Lessons learned: don’t let IVs be predictable. Also, don’t roll your own cryptosystems. In a secure system, Alice and Mallory’s records probably wouldn’t be encrypted using the same key.

Attacks on CBC mode with the key as the IV

Many CBC systems set the key as the initialization vector. This seems like a good idea: you always need a shared secret key already anyway. It yields a nice performance benefit, because the sender and the receiver don’t have to communicate the IV explicitly, they already know the key (and therefore the IV) ahead of time. Plus, the key is definitely unpredictable because it’s secret: if it were predictable, the attacker could just predict the key directly and already have won. Conveniently, many block ciphers have block sizes that are the same length or less than the key size, so the key is big enough.

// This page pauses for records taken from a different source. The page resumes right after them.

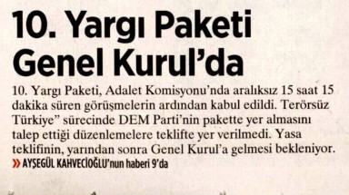 “10. Yargı Paketi Genel Kurul’da” başlığıyla birinci sayfada yer verildi.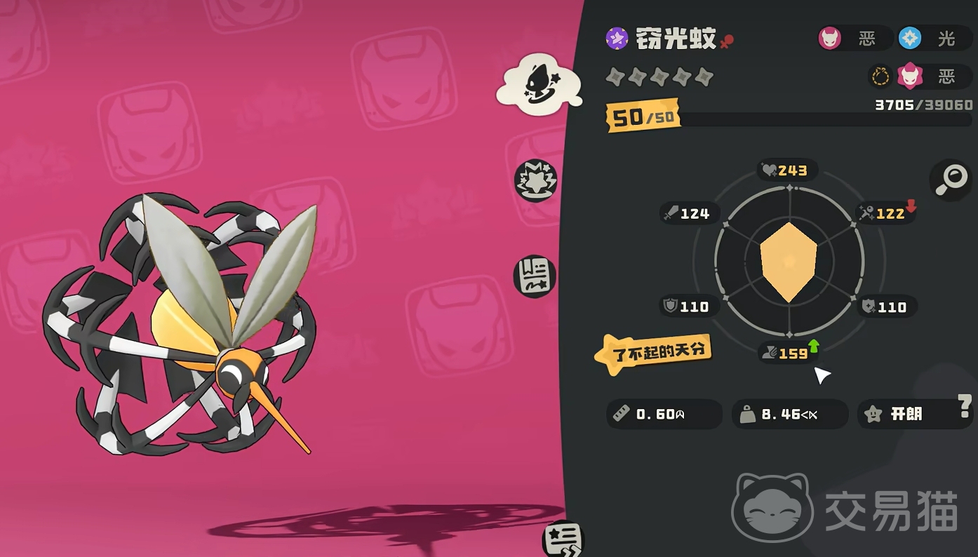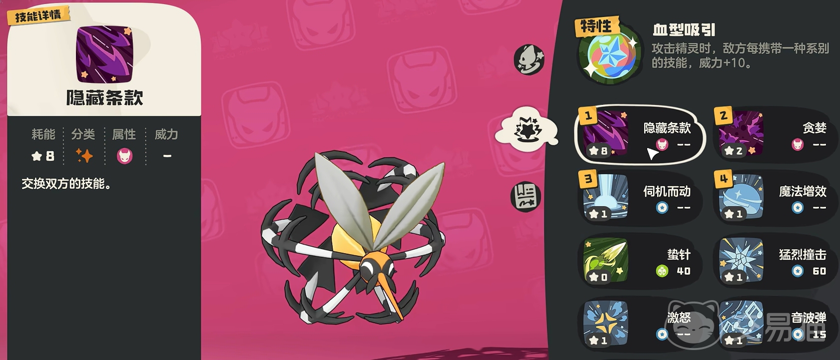 单从种族值等方面来看,窃光蚊的强度并不算强势,但它在升到五十级后,会解锁隐藏条款这个技能,能交换双方的技能,使得boss无法再放出强力技能,能极大地降低人们在boss战中的风险,而这也是窃光蚊会在boss战中变得流行的原因。因此,在搭配技能时,也需要围绕隐藏条款这个技能来进行。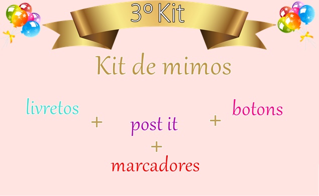 São 2 kits com livros + marcadores e 1 kit de mimos. 3 kits = 3 ganhadores.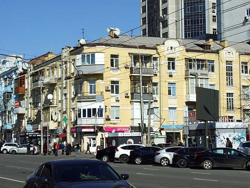 Житловий будинок (№ 47)Розмір зображення: 800:600 піксел Ліворуч – вул. Антоновича, праворуч – вул. Фізкультури. Фото М. І. Жарких, 12 березня 2020 р. |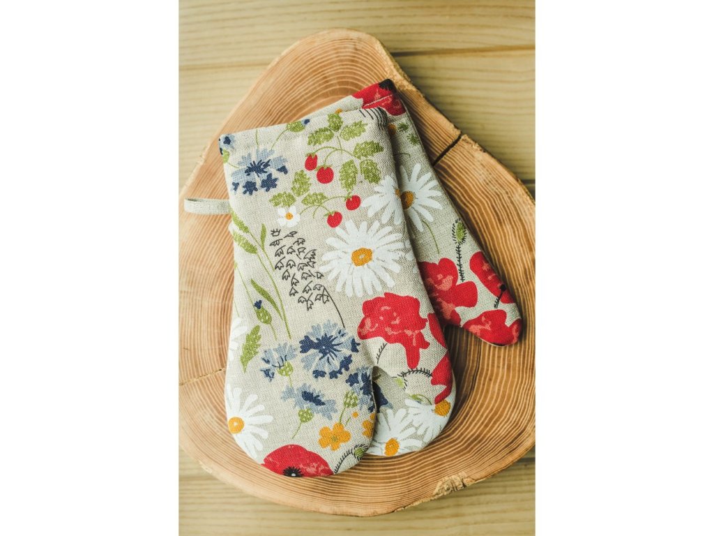 Praktická a nadmíru užitečná, to je kuchyňská chňapka vyrobená z kombinace lnu a bavlny. Rozměr chňapky je 30 x 15 cm. Lněná chňapka je potištěna pestrobarevným motivem kvetoucích máků a jiných květů. Chňapka má očko pro její zavěšení.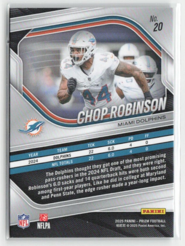 You are purchasing a 2025 Panini Prizm Chop Robinson #20. You will receive the exact item in the photographs. Thank you for looking.

This setup is completely insecure. If Alice sends a message to Bob, Mallory, an active adversary who can intercept and modify the message, can perform a chosen ciphertext attack to recover the key.

Alice turns her plaintext message \(P\) into three blocks \(P_1 P_2 P_3\) and encrypts it in CBC mode with the secret key \(k\) and also uses \(k\) as the IV. She gets a three block ciphertext \(C = C_1 C_2 C_3\), which she sends to Bob.

Before the message reaches Bob, Mallory intercepts it. She modifies the message to be \(C^{\prime} = C_1 Z C_1\), where \(Z\) is a block filled with null bytes (value zero).

Bob decrypts \(C^{\prime}\), and gets the three plaintext blocks \(P^{\prime}_1, P^{\prime}_2, P^{\prime}_3\):

\[\begin{aligned} P^{\prime}_1 & = D(k, C_1) ⊕ IV \\ & = D(k, C_1) ⊕ k \\ & = P_1 \end{aligned}\] \[\begin{aligned} P^{\prime}_2 & = D(k, Z) ⊕ C_1 \\ & = R \end{aligned}\] \[\begin{aligned} P^{\prime}_3 & = D(k, C_1) ⊕ Z \\ & = D(k, C_1) \\ & = P_1 ⊕ IV \end{aligned}\]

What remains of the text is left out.